**Exercise:** Your copy starts at the line containing "5-Digit RGB Pseudo" and ends at the last line below. Copy exactly, without pictures.

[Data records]
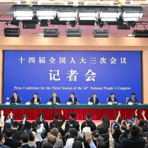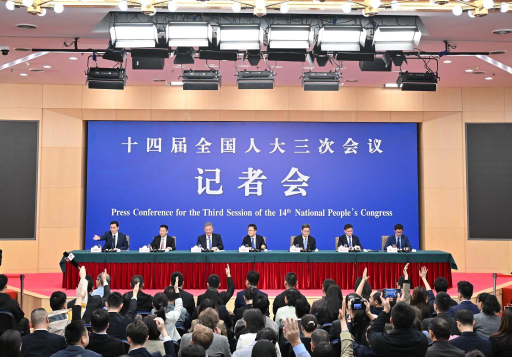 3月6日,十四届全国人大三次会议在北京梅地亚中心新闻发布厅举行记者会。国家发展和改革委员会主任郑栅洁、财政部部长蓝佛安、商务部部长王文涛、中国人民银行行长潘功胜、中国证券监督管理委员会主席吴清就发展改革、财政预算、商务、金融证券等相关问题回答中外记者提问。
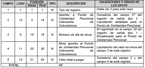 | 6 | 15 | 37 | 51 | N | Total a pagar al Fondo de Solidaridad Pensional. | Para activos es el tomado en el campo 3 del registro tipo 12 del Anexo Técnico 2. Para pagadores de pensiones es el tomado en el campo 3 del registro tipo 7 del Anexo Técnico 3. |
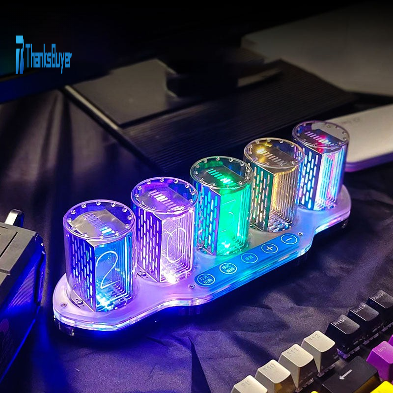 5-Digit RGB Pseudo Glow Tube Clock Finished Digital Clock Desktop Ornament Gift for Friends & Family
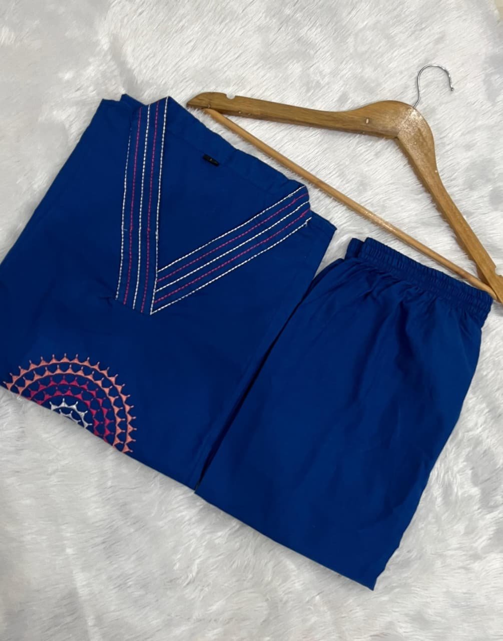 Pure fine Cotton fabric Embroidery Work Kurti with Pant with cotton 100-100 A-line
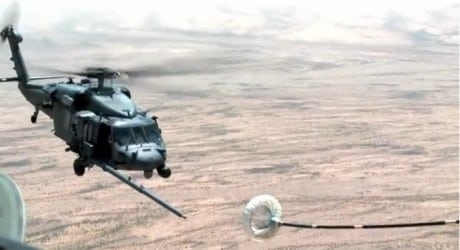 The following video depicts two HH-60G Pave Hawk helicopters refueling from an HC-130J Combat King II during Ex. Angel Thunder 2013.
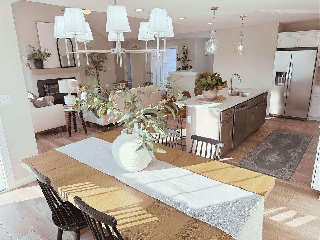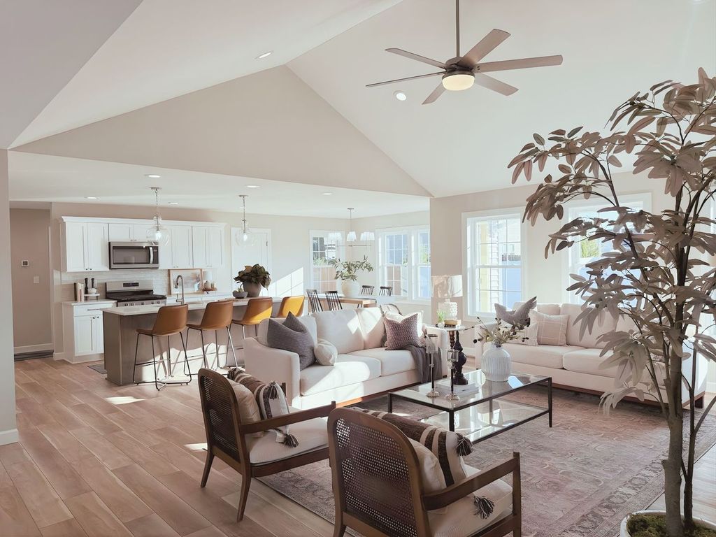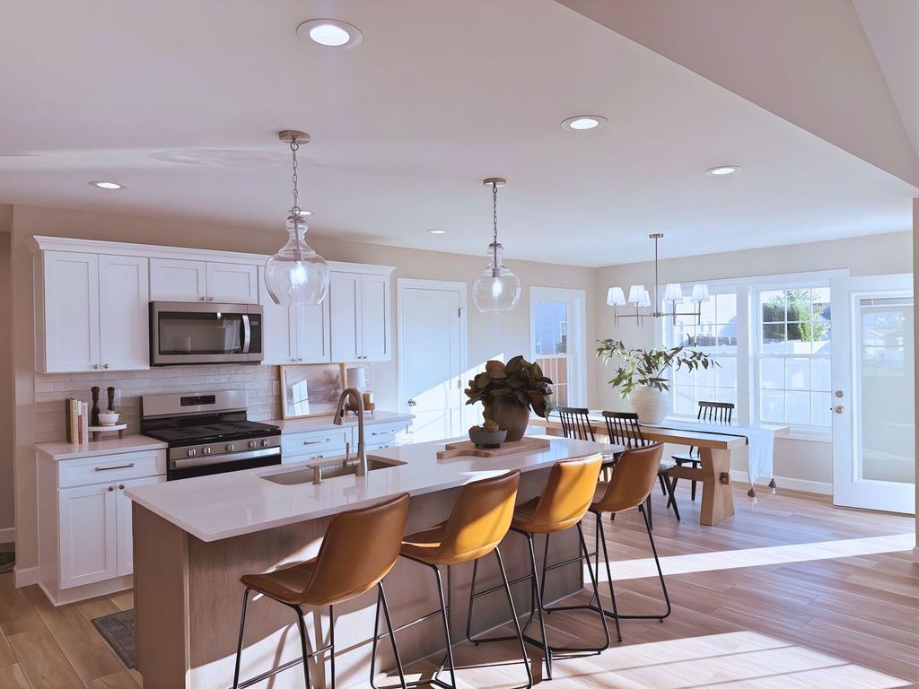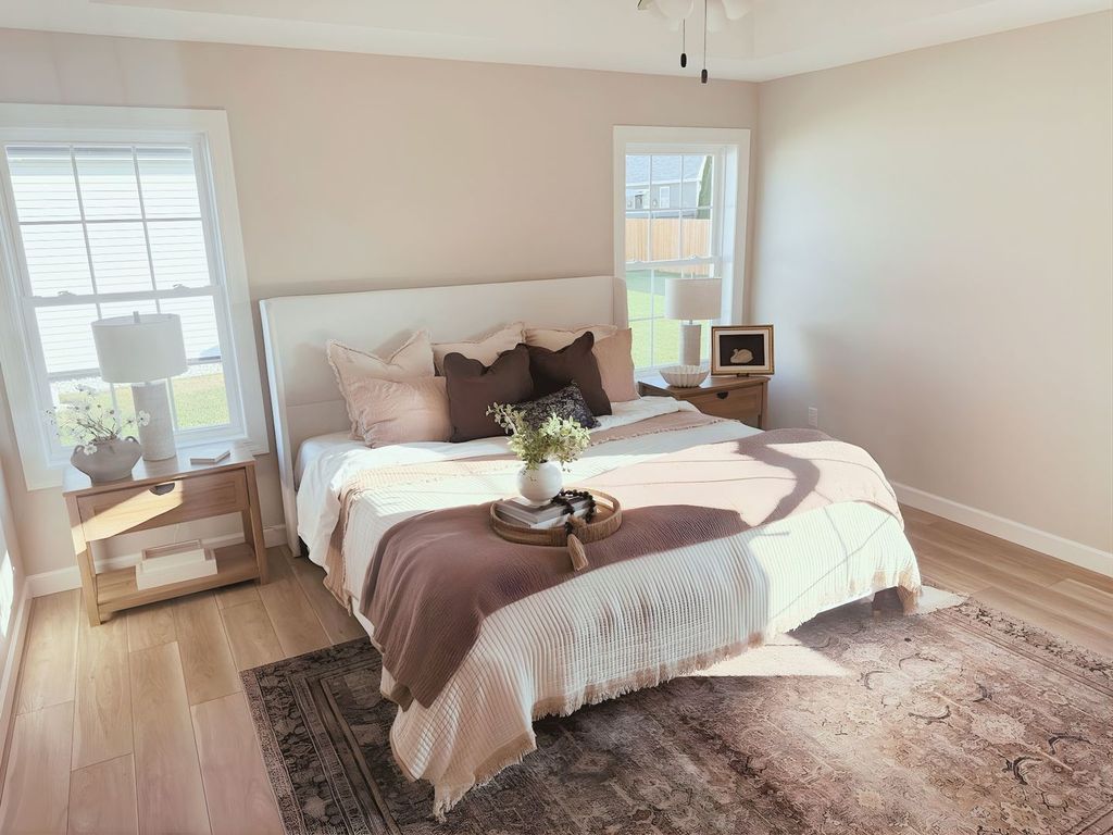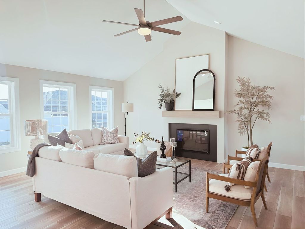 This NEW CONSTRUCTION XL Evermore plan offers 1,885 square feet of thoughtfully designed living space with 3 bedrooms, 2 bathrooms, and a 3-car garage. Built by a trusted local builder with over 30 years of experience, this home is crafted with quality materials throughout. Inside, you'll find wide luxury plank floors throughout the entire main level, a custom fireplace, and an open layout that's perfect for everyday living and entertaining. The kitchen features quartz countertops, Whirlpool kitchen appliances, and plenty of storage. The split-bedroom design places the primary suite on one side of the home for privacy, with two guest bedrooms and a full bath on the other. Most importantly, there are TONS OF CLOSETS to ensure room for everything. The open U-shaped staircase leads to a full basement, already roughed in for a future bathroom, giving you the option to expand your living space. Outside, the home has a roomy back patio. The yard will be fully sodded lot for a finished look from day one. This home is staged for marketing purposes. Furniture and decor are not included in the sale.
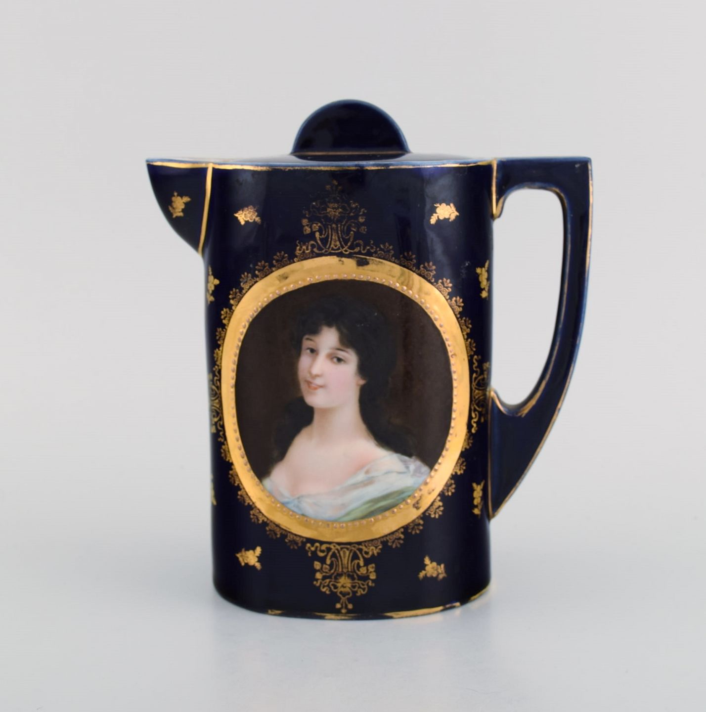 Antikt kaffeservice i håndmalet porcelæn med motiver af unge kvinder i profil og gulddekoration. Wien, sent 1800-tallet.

**Reply:**
 5-Digit RGB Pseudo Glow Tube Clock Finished Digital Clock Desktop Ornament Gift for Friends & Family
 Pure fine Cotton fabric Embroidery Work Kurti with Pant with cotton 100-100 A-line
 The following video depicts two HH-60G Pave Hawk helicopters refueling from an HC-130J Combat King II during Ex. Angel Thunder 2013.
 This NEW CONSTRUCTION XL Evermore plan offers 1,885 square feet of thoughtfully designed living space with 3 bedrooms, 2 bathrooms, and a 3-car garage. Built by a trusted local builder with over 30 years of experience, this home is crafted with quality materials throughout. Inside, you'll find wide luxury plank floors throughout the entire main level, a custom fireplace, and an open layout that's perfect for everyday living and entertaining. The kitchen features quartz countertops, Whirlpool kitchen appliances, and plenty of storage. The split-bedroom design places the primary suite on one side of the home for privacy, with two guest bedrooms and a full bath on the other. Most importantly, there are TONS OF CLOSETS to ensure room for everything. The open U-shaped staircase leads to a full basement, already roughed in for a future bathroom, giving you the option to expand your living space. Outside, the home has a roomy back patio. The yard will be fully sodded lot for a finished look from day one. This home is staged for marketing purposes. Furniture and decor are not included in the sale.
 Antikt kaffeservice i håndmalet porcelæn med motiver af unge kvinder i profil og gulddekoration. Wien, sent 1800-tallet.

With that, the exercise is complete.